The problem, of course, is that Trump did not say what the media and Harris' campaign claim.

Speaking with Tucker Carlson in Arizona on Thursday, Trump was discussing Dick Cheney and Liz Cheney when he criticized the former congresswoman for being a "radical war hawk."

"I don't blame him for sticking with his daughter," Trump said of the former Republican vice president. "But his daughter's a very dumb individual, very dumb. She's a radical war hawk.

"Let's put her with a rifle standing there with nine barrels shooting at her. OK? Let's see how she feels about it. You know, when the guns are trained on her face," he continued. "You know, they're all war hawks when they're sitting in Washington in a nice building saying, 'Oh, gee, well, let's send 10,000 troops right into the mouth of the enemy.' But she's a stupid person. I'd have meetings with a lot of people, and she always wanted to go to war with people."

The context is clear: Trump is criticizing Cheney as a "war hawk" and suggesting that she would not flippantly support sending Americans to die in war if she had firsthand combat experience.

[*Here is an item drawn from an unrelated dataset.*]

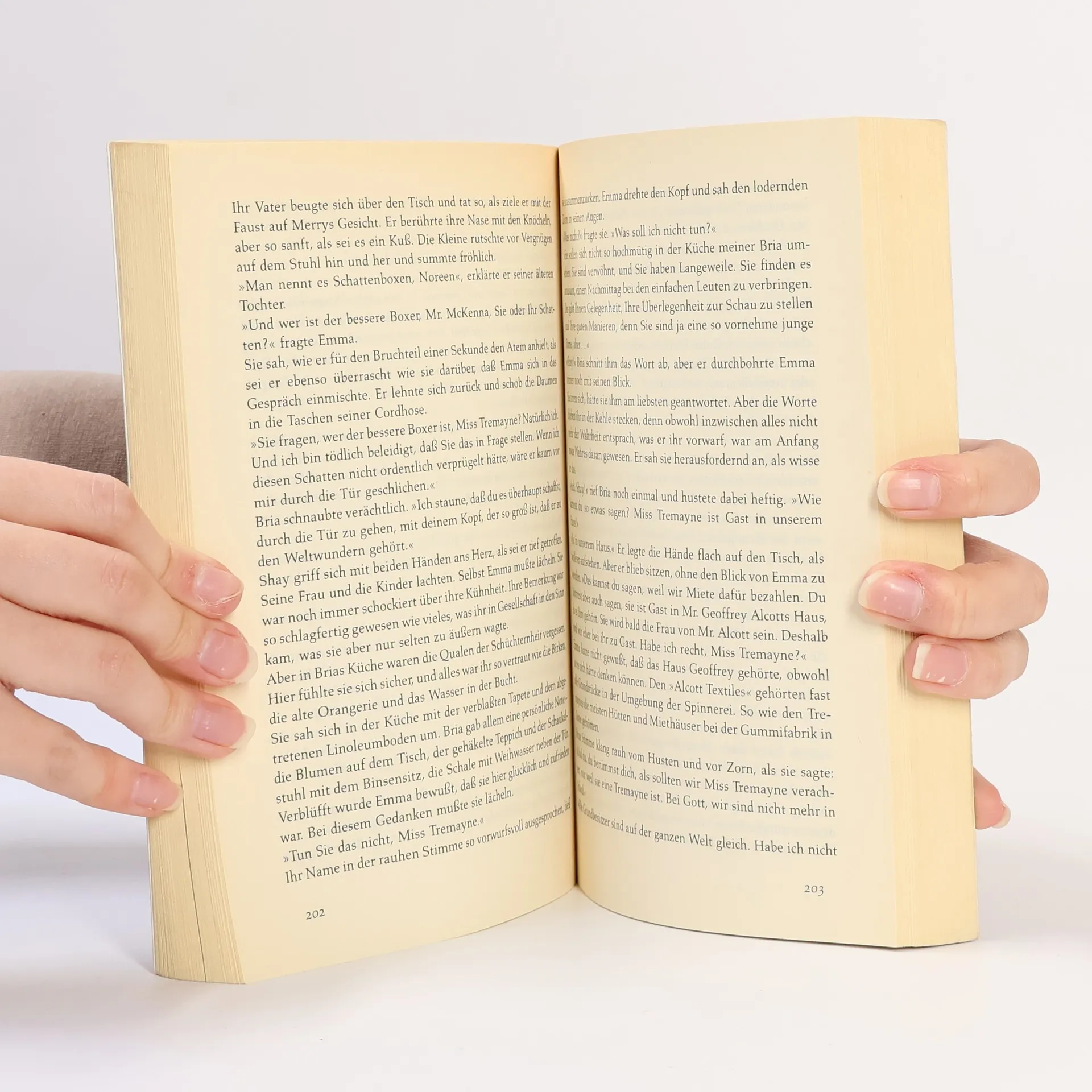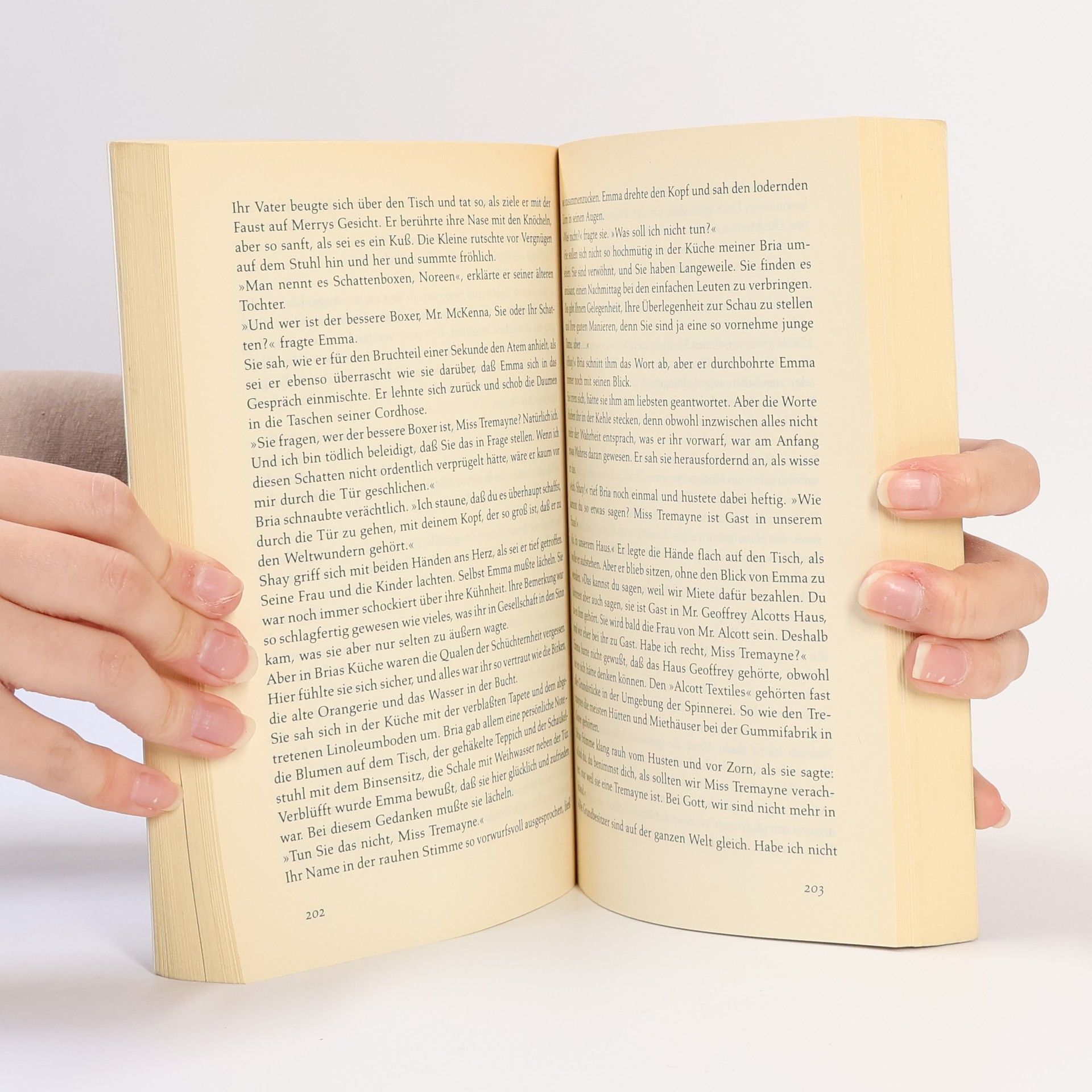 Schon seit einiger Zeit wartet die reiche und vornehme Emma Tremayne darauf, daß der junge Geoffrey Alcott, Besitzer einer großen Wollspinnerei in Bristol, um ihre Hand anhält. Jeder erwartet es, und jeder erwartet auch, daß Emma sich in ihrem Leben um nicht viel mehr kümmern wird als um die neueste Mode. Schließlich ist es soweit, Geoffrey bittet sie, seine Frau zu werden. Aber als Emma an diesem Tag mitansehen muß, wie er eine Frau schroff zurückweist, die ihr totes Kind in den Armen hält, daß in seiner Spinnerei durch einen Unfall gestorben ist, ändert sich ihr Leben von Grund auf. Sie bricht aus diesem unterkühlten goldenen Käfig aus. Endlich will sie leben und sie lernt Shay McKenna, einen irischen Revolutionär und Landarbeiter kennen, in den sie sich leidenschaftlich verliebt. Noch ahnt sie nicht, daß er zu Bria, der Frau gehört, die es gewagt hat, Geoffrey Alcott die Stirn zu bieten und ihr damit die Augen zu öffnen.

Trump did not threaten Cheney, nor did he "fantasize" about shooting her in the face, nor did he say he wants Cheney "fired upon," nor did he say he wants Cheney to stand before a firing squad. He simply suggested that it's easy to send other people to die in war when you yourself will never face and have never faced the physical or life-ending consequences of war.

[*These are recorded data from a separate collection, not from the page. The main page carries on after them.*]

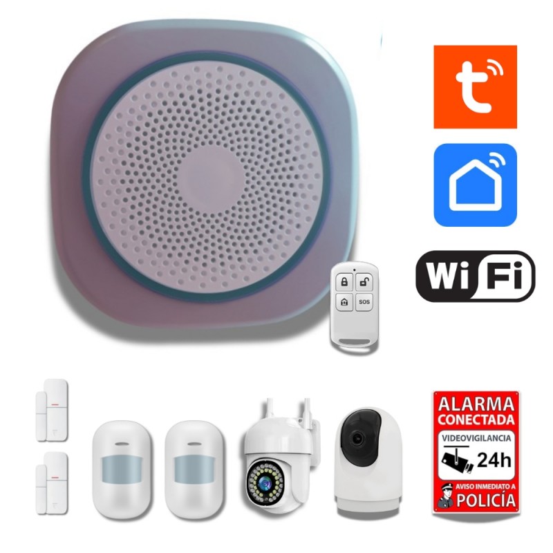 Cámara seguridad inteligente 1080P HD 2K inalámbrica WiFi tuya smart Notificación de perdida de conexión ante ataques o inhibiciones. Comunicación segura mediante cifrado. Simple instalación en techo,pared o mesa y configuración a través de código QR
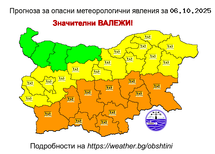 Жълт и оранжев код за значителни валежи издаде за днес Националният институт по метеорология и хидрология за почти цялата страна
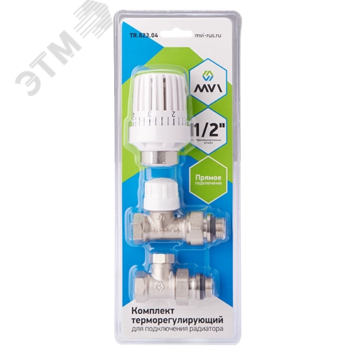 Комплект для подключения радиатора 3 в 1 терморегулирующий прямой 1/2' (TR.623.04)
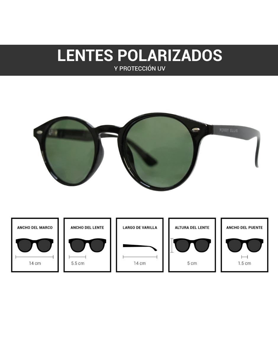 Los lentes de sol Perry Ellis con diseño redondo en acetato negro son el accesorio ideal. Su marco grueso aporta carácter y presencia, mientras que las micas verdes oscuras ofrecen protección visual y un look versátil que se adapta a cualquier ocasión. Perfectos para acompañar tanto un outfit urbano como uno más elegante.
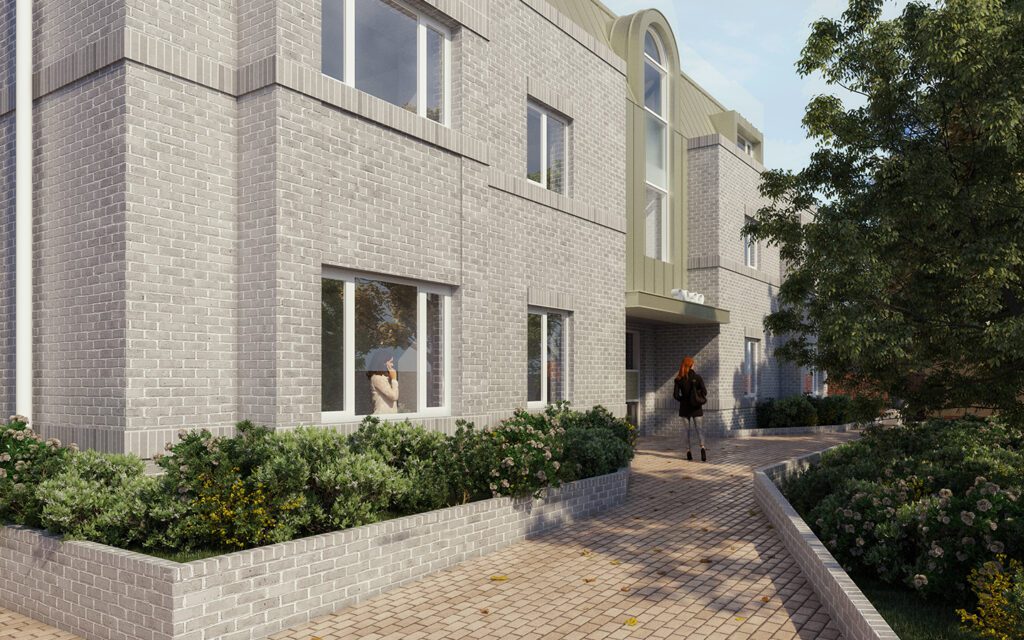The scheme comprises 11 thoughtfully designed one and two-bedroom apartments over three storeys, specifically created for women with children requiring temporary accommodation for up to one year. With an estimated 76% improvement in Space Heating Demand over Part L1 2022 compared to traditional buildings, this development combines design excellence with ambitious sustainability goals.
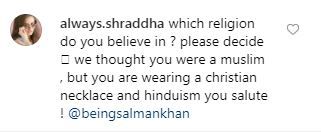 Some of the social media users asked him if he was really a Muslim as now they are confused. One user wrote, “Which religion do you believe in? please decide we thought you were a muslim, but you are wearing a christian necklace and hinduism you salute ! @beingsalmankhan.” While the other commented, “U Muslim or not?”
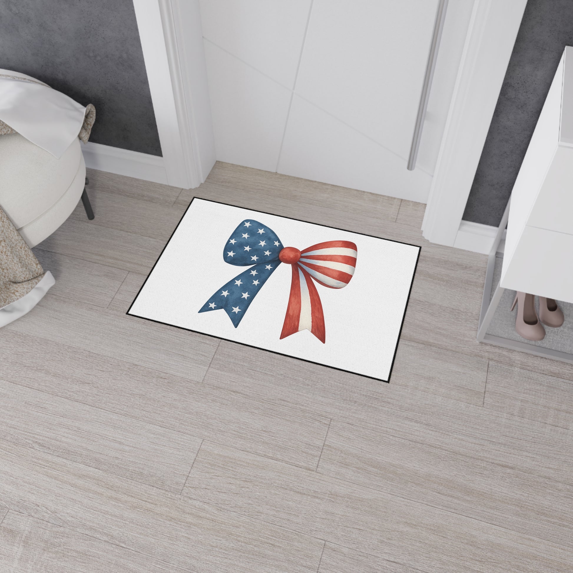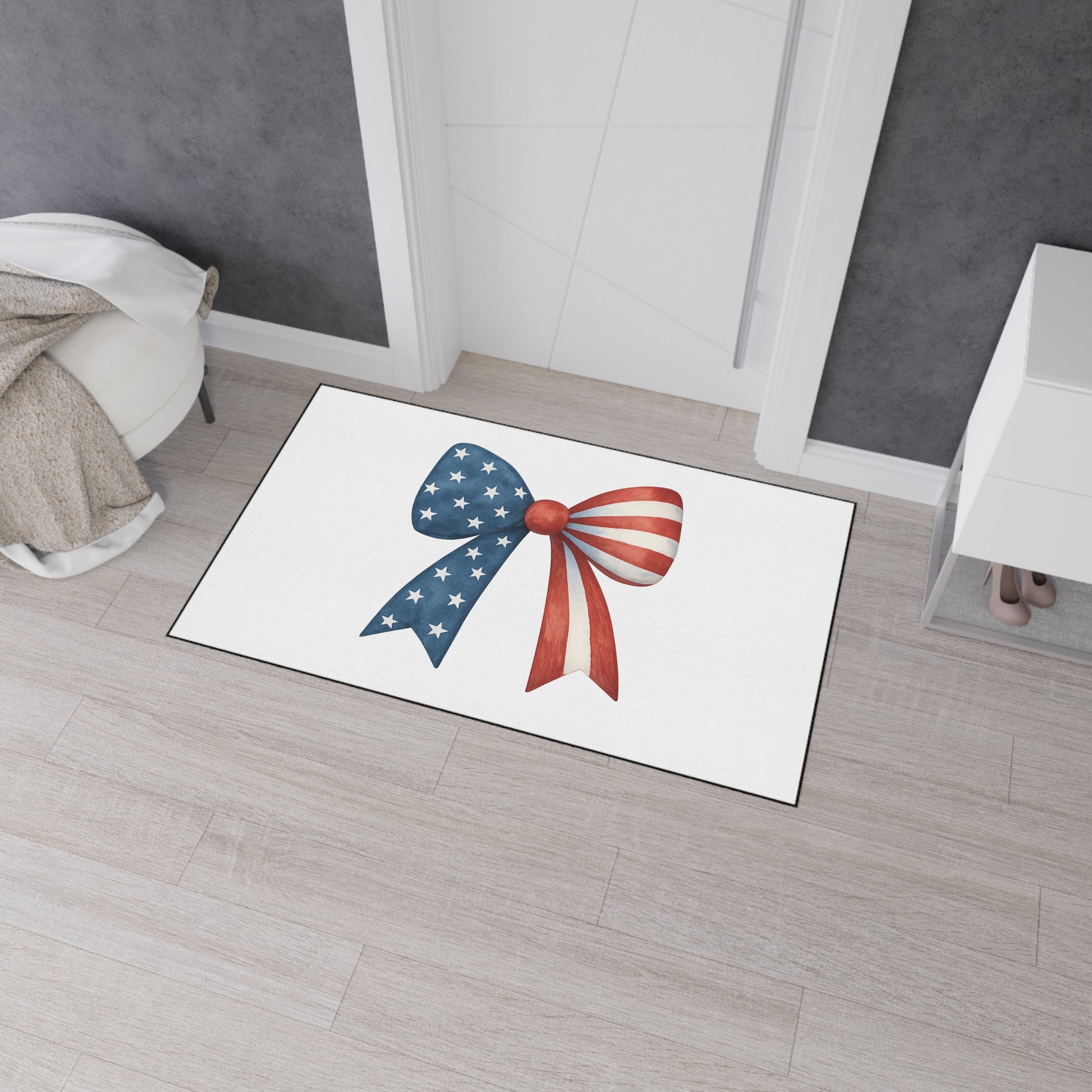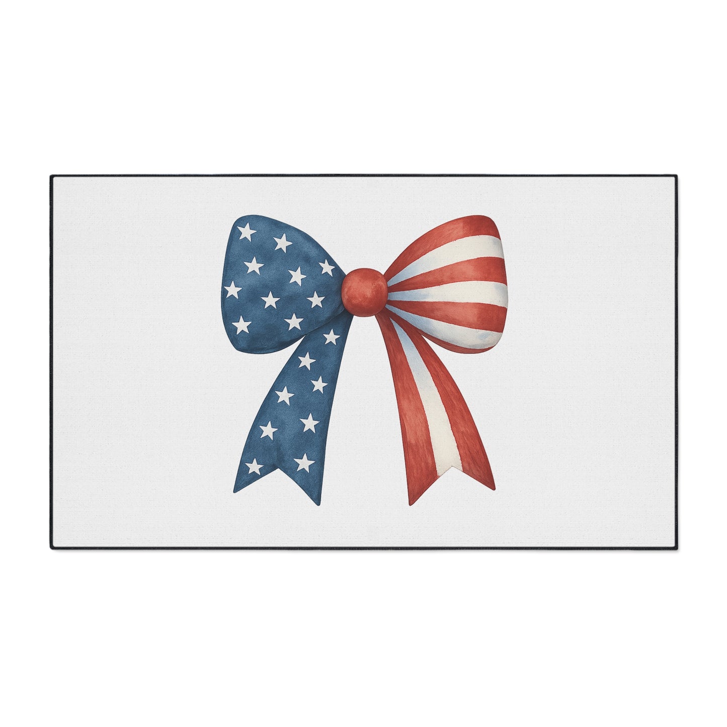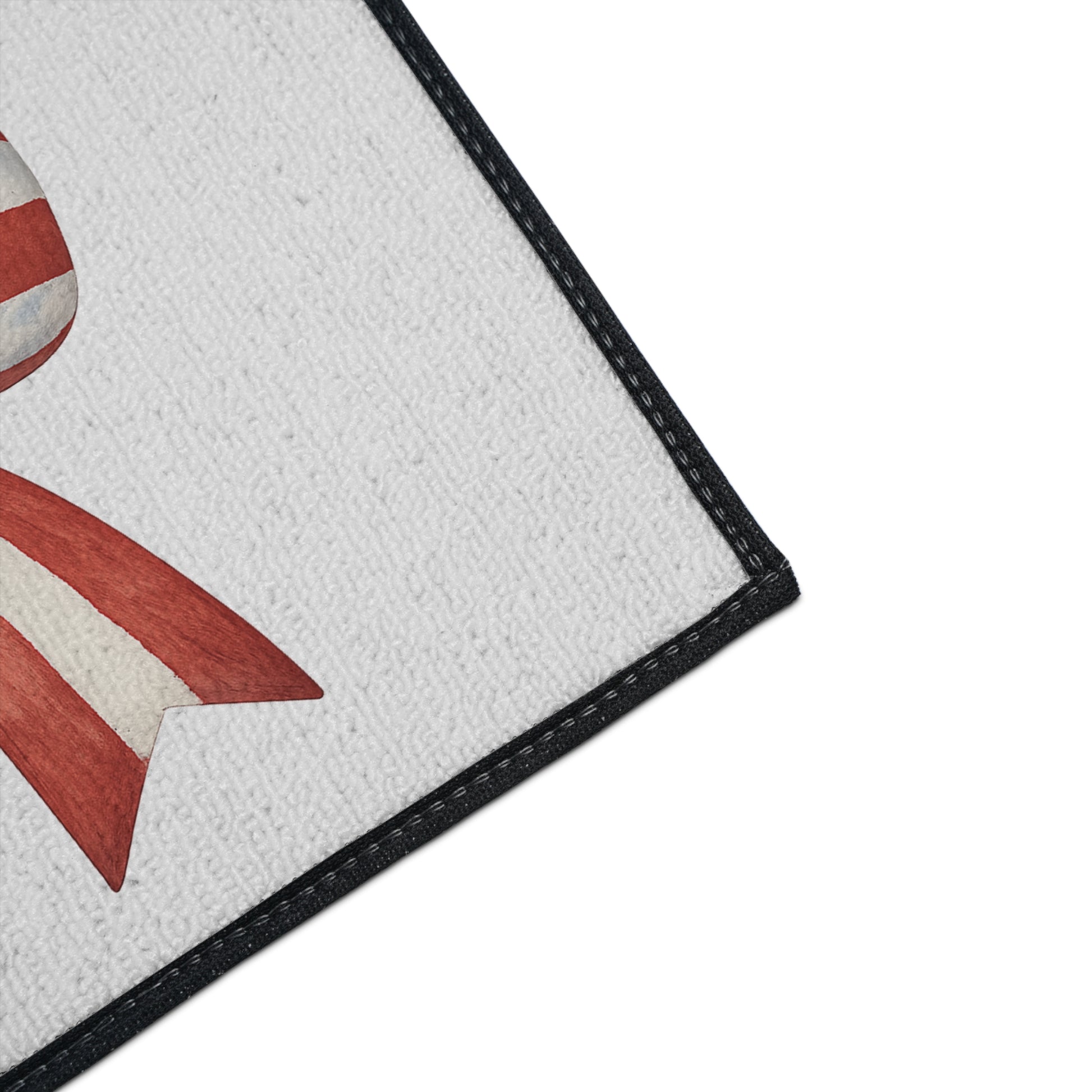 Patriotic Bow Door Mat | 4th of July Mat | American Flag Doormat | USA Stars Stripes Rug | July 4th Entryway Decor | Red White Blue Rug

Trump is saying that firsthand combat experience would give American leaders a different perspective about being pro-war.

American political discourse, in fact, has invented a term to describe such individuals: chicken hawks, or people who support war but refuse to have any skin in the game.

For her part, Cheney claimed Trump essentially issued a death threat against her.

"This is how dictators destroy free nations. They threaten those who speak against them with death. We cannot entrust our country and our freedom to a petty, vindictive, cruel, unstable man who wants to be a tyrant," she said.

Trump, of course, is no dictator — as his first four years as president proved — and he did not threaten death against anyone.